Neither of these two attributes are immediately human-readable. This article presents a pattern for translating them using a script component that requires only minimal modification for inclusion in a new data flow.

  1. Build your data flow as normal.
  2. Drag a script component onto the data flow surface, setting its type to 'Transformation'
  3. Take the error output of the component requiring diversion handling and connect it to the input of the new script transformation. Change the row error handling mode from 'Fail component' to 'Redirect row'
  4. Double-click on the script component to open its editor, then revise it as follows:
    • On the Input Columns page, select all available input columns
    • On the Inputs and Outputs page, drill down into the properties of the components output ('Output 0') and click on 'Output Columns'
    • Use the 'Add column' button to add columns with the following Name and DataType properties:

      • ErrorDescription DT_WSTR(255) – this column will contain the description associated with the ErrorCode value supplied by SSIS
      • ErrorColumnName DT_WSTR(128) – this column will contain the column name associated with the ID supplied by SSIS in ErrorColumn
      • ErrorValue DT_NTEXT – this column will contain the value of the column that caused the error
      • RowId DT_WSTR(255) – this column will contain an (implementation-specific) row identifier, identifying the row that caused the error

      The latter two columns may be unnecessary if you are diverting errors into destination-specific error tables, but will be useful if you are diverting them into a single generic error table.

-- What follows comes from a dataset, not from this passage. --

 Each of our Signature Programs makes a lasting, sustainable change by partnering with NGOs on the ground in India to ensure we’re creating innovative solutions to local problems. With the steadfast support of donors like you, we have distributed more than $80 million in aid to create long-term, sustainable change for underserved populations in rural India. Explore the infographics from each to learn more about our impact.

    • On the Script page, click 'Edit Script'.
  5. The default script that opens in VSTA includes the line public class ScriptMain : UserComponent. This is the declaration of the ScriptMain class.
    • Select the code for this pattern (below – you can select the whole block by double-clicking on it somewhere) and copy it to the clipboard
    • Paste it into the script, replacing the existing class declaration and everything after it in the script file.
    • In the body of method Input0_ProcessInputRow, edit this line:

      Row.RowId = Row.YourRowIdFieldNameHere_IsNull ? “” : Row.YourRowIdFieldNameHere.ToString();

      replacing YourRowIdFieldNameHere and YourRowIdFieldNameHere_IsNull with the properties representing your own unique row identifier. (It doesn't actually matter what property you specify here – but it's useful to have a row ID. If you don't have one in your data flow, it may be useful to add a row number in the data flow itself.)

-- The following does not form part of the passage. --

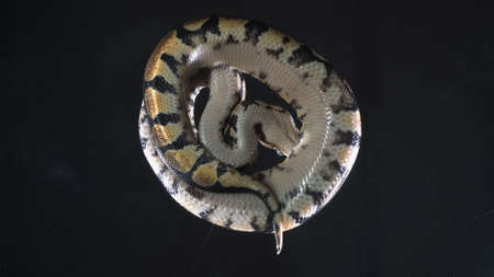 two snake on a black background. Carpet python. Animal in the studio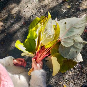 年末、イイギリの葉っぱを束ねてブーケにする娘たち 茎が鮮やかに赤いです🔴 見上げると大木(5枚目)

  6. Save, close, etc. Now you can connect the output of the script component to write the translated error details into a destination of your choice (flat file, error table, etc).

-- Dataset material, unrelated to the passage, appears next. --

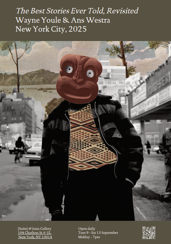 Jutta Gallery, in conjunction with {Suite}, invites you to The Best Stories Ever Told, Revisited — an exhibition of collaborative works by celebrated New Zealand artists Wayne Youle (Ngapuhi, Ngati Whakaeke) and the late Ans Westra CNZM.

For each row that passes through the component, the Input0_ProcessInputRow method populates the four new columns:

  • RowId is given the value of the property you specify when you replace YourRowIdFieldNameHere and YourRowIdFieldNameHere_IsNull
  • ErrorDescription is looked up in the component's metadata
  • ErrorColumnName is determined by looking up the column's identification string from its ID, then transforming it is something close to the original column name by comparing it to the list of input columns. (The list of input columns is cached in the columnNames list during the execution of the component's PreExecute() method).
  • A type-independent ErrorValue is read from the errored column as a byte array. This enables the script to remain metadata-agnostic and much more reusable.
public class ScriptMain : UserComponent
{
  private System.Collections.Generic.List<string> columnNames;
  private IDTSComponentMetaData130 metadata;
 
  public override void PreExecute()
  {
    base.PreExecute();
    metadata = this.ComponentMetaData as IDTSComponentMetaData130;
    columnNames = new System.Collections.Generic.List<string>();
    foreach (IDTSInputColumn130 c in metadata.InputCollection[0].InputColumnCollection)
      columnNames.Add(c.Name);
  }
 
  public override void Input0_ProcessInputRow(Input0Buffer Row)
  {
    try
    {
      var columnName = GetColumnName(Row.ErrorColumn);
 
      Row.RowId = Row.YourRowIdFieldNameHere_IsNull ? "" : Row.YourRowIdFieldNameHere.ToString();
      Row.ErrorDescription = metadata.GetErrorDescription(Row.ErrorCode);
      Row.ErrorColumnName = columnName;
      Row.ErrorValue.AddBlobData(GetColumnValue(columnName, Row));
    }
    catch (Exception e)
    {
      // transform .Net error into SSIS error
      bool pbCancel = true;
      metadata.FireError(-1, "", e.StackTrace, "", -1, out pbCancel);
    }
  }
 
  private string GetColumnName(int errorColumn)
  {
    if (errorColumn < 1)
      return "<unavailable>";
    string idStr = metadata.GetIdentificationStringByID(errorColumn);
    foreach (string c in columnNames)
      if (idStr.EndsWith("[" + c + "]"))
        return c;
    return idStr; // if column names have been revised between the errored component and this one...
  }
 
  private byte[] GetColumnValue(string columnName, Input0Buffer row)
  {
    columnName = columnName.Replace("_", "");
 
    object value = null;
    foreach (var p in row.GetType().GetProperties())
      if (p.Name == columnName + "_IsNull")
        value = (bool)p.GetValue(row) ? "<null>" : row.GetType().GetProperty(columnName).GetValue(row);
    string str = value == null ? "<unavailable>" : value.ToString();
 
    byte[] bytes = new byte[str.Length * sizeof(char)];
    System.Buffer.BlockCopy(str.ToCharArray(), 0, bytes, 0, bytes.Length);
    return bytes;
  }
}